Une semaine, c’est si vite passé !

Pauvre Manuel disent-ils, je ne savais pas que c’était si dur pour lui. Tant d’argent, et il se sent coupable parce qu’il ne sait pas à quoi employer sa vie. Trouvez une cause, Manuel. Trouvez une cause. Une cause. Je leur dis que j’essaye. Je cherche.

Ils disent : et les androïdes ?

Vous croyez ? Que dirait mon père ? S’il n’approuve pas.

Ne vous inquiétez donc pas de lui. Faites ce que vous trouvez juste. Clissa est partisan des droits des androïdes. S’il explose, laissez Clissa lui parler avant vous. Pourquoi exploserait-il ? Il a fait sa pelote grâce aux androïdes, maintenant, il peut bien se payer le luxe de les laisser voter. Je parie qu’ils voteraient pour lui. Vous savez que tous les androïdes sont amoureux de votre père ? Oui. Il y a des moments où je me dis que ce doit être pour eux presque comme une religion. La religion de Krug. Après tout, ce n’est pas si bête d’adorer son créateur. Ne riez pas. Mais je ne peux pas m’en empêcher. Ces idiots d’androïdes se prosternant devant mon père. Devant des idoles le représentant, je parie ?

Vous sortez du sujet, Manuel. Si cela vous porte souci de ne rien faire d’important dans la vie, lancez une croisade. Des droits égaux pour les androïdes. Relevez la condition des androïdes ! Ah ! vous parlez, relever la condition des androïdes ! Ce n’est pas digne de vous. Vous avez sans doute raison.

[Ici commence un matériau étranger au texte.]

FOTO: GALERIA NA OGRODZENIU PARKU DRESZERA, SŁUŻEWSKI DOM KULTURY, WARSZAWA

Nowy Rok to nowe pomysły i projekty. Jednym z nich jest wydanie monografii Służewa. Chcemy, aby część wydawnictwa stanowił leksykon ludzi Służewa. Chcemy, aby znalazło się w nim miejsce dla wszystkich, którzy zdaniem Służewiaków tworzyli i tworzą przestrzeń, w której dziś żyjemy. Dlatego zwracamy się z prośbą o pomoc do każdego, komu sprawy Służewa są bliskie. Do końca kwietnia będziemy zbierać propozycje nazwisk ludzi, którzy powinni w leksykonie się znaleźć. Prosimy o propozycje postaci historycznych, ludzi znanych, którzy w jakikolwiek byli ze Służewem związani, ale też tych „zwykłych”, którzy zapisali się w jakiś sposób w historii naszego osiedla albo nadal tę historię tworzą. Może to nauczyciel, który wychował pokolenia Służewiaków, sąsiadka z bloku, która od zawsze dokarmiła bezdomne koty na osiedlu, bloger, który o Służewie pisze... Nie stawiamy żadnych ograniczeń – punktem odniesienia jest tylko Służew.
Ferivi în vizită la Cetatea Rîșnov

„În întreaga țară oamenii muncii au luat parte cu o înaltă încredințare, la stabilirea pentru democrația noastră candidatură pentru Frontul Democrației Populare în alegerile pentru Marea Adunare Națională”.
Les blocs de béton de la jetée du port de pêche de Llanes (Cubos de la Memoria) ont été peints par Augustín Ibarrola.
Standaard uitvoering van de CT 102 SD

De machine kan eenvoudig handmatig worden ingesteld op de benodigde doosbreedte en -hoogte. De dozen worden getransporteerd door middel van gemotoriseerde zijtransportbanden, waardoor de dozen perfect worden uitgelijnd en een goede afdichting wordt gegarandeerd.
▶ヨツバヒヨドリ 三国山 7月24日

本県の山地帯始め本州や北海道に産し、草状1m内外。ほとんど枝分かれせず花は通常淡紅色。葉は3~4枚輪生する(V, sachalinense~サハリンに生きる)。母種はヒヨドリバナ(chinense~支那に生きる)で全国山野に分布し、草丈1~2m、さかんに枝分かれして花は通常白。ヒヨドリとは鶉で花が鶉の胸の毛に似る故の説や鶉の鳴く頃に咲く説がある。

Nous entendons les gongs et nous savons que notre semaine est finie.

Nous tombons du réseau. Nous nous reglissons dans notre tête. On me dit qu’ils procèdent à cette opération avec beaucoup, beaucoup de précautions, ramener chacun dans sa propre tête.

Pour autant que j’en puisse juger, je suis Manuel Krug.

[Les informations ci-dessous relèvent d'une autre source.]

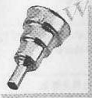
型號: 070618 名稱: 圓咀9毫米 功能: 集中最小風量
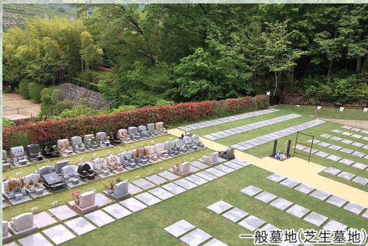
一般墓地(芝生墓地)
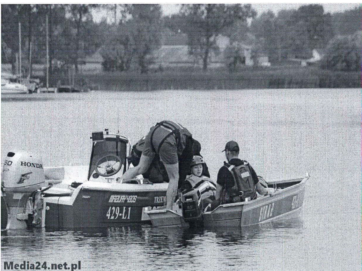
Foto. 10 i 11. Szkolenie z zakresu ratownictwa wodnego na akwenu w Kłęcku – lato 2015 z udziałem Sekcji Ratownictwa Wodnego OSP Trzemeszno.
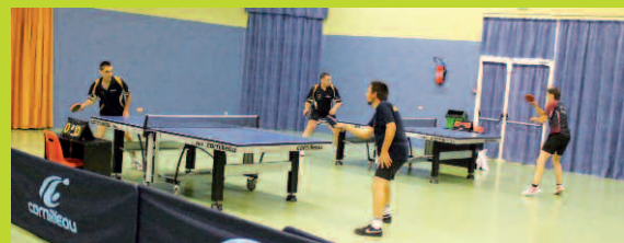
Match amical contre Saint Colmban le 31 août
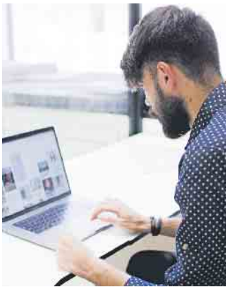
Eigene Qualifikationen, Berufserfahrungen und Stärken darf man online selbstbewusst darstellen.

le weitere Tipps für das digitale Eigenmarketing und die Jobsuche. Noch ein Tipp, der auf alle sozialen Plattformen zutrifft: Ein systematisches Aufräumen der eigenen Kontaktliste schafft Klarheit und sorgt dafür, dass man selbst relevantere Beiträge angezeigt bekommt. (djd)
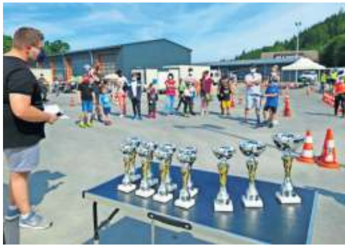
Ein Blick auf die zahlreichen Pokale, die es beim 16. Jugendkart-Slalom des OC Frankenwald.Naila zu gewinnen gab.
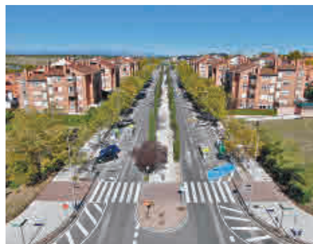
Aspecto actual de la avenida

Además, se ha realizado el retranqueo de la acera de los pasos de peatones para
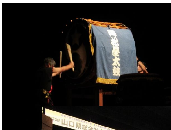
オープニングアトラクション
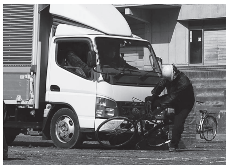
▲南郷中学校での交通安全教室
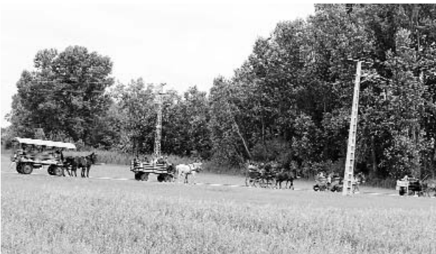
Vonulnak a fogatosok

Ils nous font sortir doucement. Il y a une salle de réadaptation de l’autre côté du réseau. Nous y restons trois, quatre heures, nous réhabituant à n’être plus qu’un individu. Nous nous regardons d’un air bizarre. Mais la plupart du temps, nous ne nous regardons pas du tout. Quelqu’un a trop ri avec ma bouche.

Dans la salle de réadaptation, il y a d’autres de ces nouveaux jouets, de ces cubes aux arêtes arrondies. Le mien m’adresse une série de messages.

Il est maintenant 0900 heures à Karachi.

C’est la première fois que vous vous rencontrez vous-même ?

Votre père aimerait sans doute avoir de vos nouvelles.

Seules les réponses vraies sont fausses.

Ils ont réglé leur différend à l’amiable.

Autrefois nous étions tous beaucoup plus sages.

Cet appareil m’ennuie et m’effraie. Je le jette. Je suis presque certain de n’être ni Cadge Foster ni Lloyd Tennyson, mais le crapaud m’inquiète. J’irai voir Lilith dès que je sortirai d’ici. Je devrais peut-être parler d’abord à Clissa. Mon père doit être à sa tour. Comment progresse cette grande érection ? Recevra-t-il bientôt des messages des étoiles pour occuper ses nuits d’hiver ?

— Messieurs, nous espérons vous revoir bientôt parmi nous, nous dit le souriant alpha.

Nous sortons. Je suis eux. Ils sont moi. Nous sommes nous.

Nous nous serrons solennellement la main. Nous allons vers les transmats.

Docile et vertueux, je vais rejoindre Clissa.